Employment shall not be deemed to continue beyond the first 90 days of a 
leave of absence unless the Optionee's reemployment rights are guaranteed by 
statute or contract.  For purposes of this Section 8.3, "total disability" 
shall have the meaning given to such term in the Company's long-term 
disability plan, as such plan is in effect on the date of determination.

          8.4  In the event that a qualified domestic relations order, as 
defined by Section 414(p) of the Code or Title I of the Employee Retirement 
Income Security Act or the rules thereunder, mandates the transfer of any 
Option that could have been exercised immediately prior to the issuance of 
such order, such Option shall pass to the person or persons entitled thereto 
pursuant to the order and shall be exercisable by such person or persons in 
accordance with the terms thereof.

          8.5  The Plan Administrator may, in its discretion, authorize all 
or a portion of the Non-ISO's granted to an Optionee to be on terms which 
permit transfer by such Optionee to (i) the spouse, children or grandchildren 
of the Optionee ("Immediate Family Members"), (ii) a trust or trusts for the 
exclusive benefit of such Immediate Family Members, or (iii) a partnership in 
which such Immediate Family Members are the only partners, provided that (x) 
there may be no consideration for any such transfer, (y) the stock option 
agreement pursuant to which such Options are granted must be approved by the 
Plan Administrator and must expressly provide for transferability in a manner 
consistent with this Section, and (z) subsequent transfers of transferred 
Options are prohibited except those in accordance with Section 8 of the Plan. 
The Plan Administrator may, in its discretion, in permitting transferability, 
impose additional conditions in the Option Agreement consistent with this 
section, including without limitation imposition of a post-exercise holding 
period on transferees.
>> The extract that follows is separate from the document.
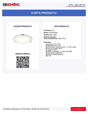 telefon: +48 61 4367 481 e-mail: [email protected] KARTA PRODUKTU ZDJĘCIE PRODUKTU OPIS PRODUKTU Producent Trio Nazwa YOKOHAMA Symbol 658715801 Rekomendowana cena konsumencka 1328.4 PLN ZOBACZ WIĘCEJ Parametry ● średnica (mm): 750 ● wysokość (mm): 140 ● ilość źródeł / rodzaj trzonka: 1 x LED zintegr. ● max moc źródła: 58 W ● napięcie: 230 V ● źródło w zestawie: 1 x 58W LED SMD ● kolor lampy: biały/biały ● materiał: metal/tworzywo ● IP: 20 DELighting ul.Budowlana 10 Psary Małe k. Wrześni, 62-300 Września www.delighting.pl

Following transfer, any such Options shall continue to 
be subject to the same terms and conditions as were applicable immediately 
prior to transfer; provided, the events of termination of employment of 
Sections 8 and 9 hereof shall continue to be applied with respect to the 
original Optionee, following which the Options shall be exercisable by the 
transferee only to the extent and for the periods specified.  The Company 
disclaims any obligation to provide notice to a transferee of early 
termination of the Option due to termination of employment or otherwise.  
Notwithstanding a transfer pursuant to the foregoing, the original Optionee 
will remain subject to applicable withholding taxes upon exercise.  No 
transfer will be effective until written notice of transfer is delivered to 
the Company.  The Company reserves the right to approve transfers hereunder.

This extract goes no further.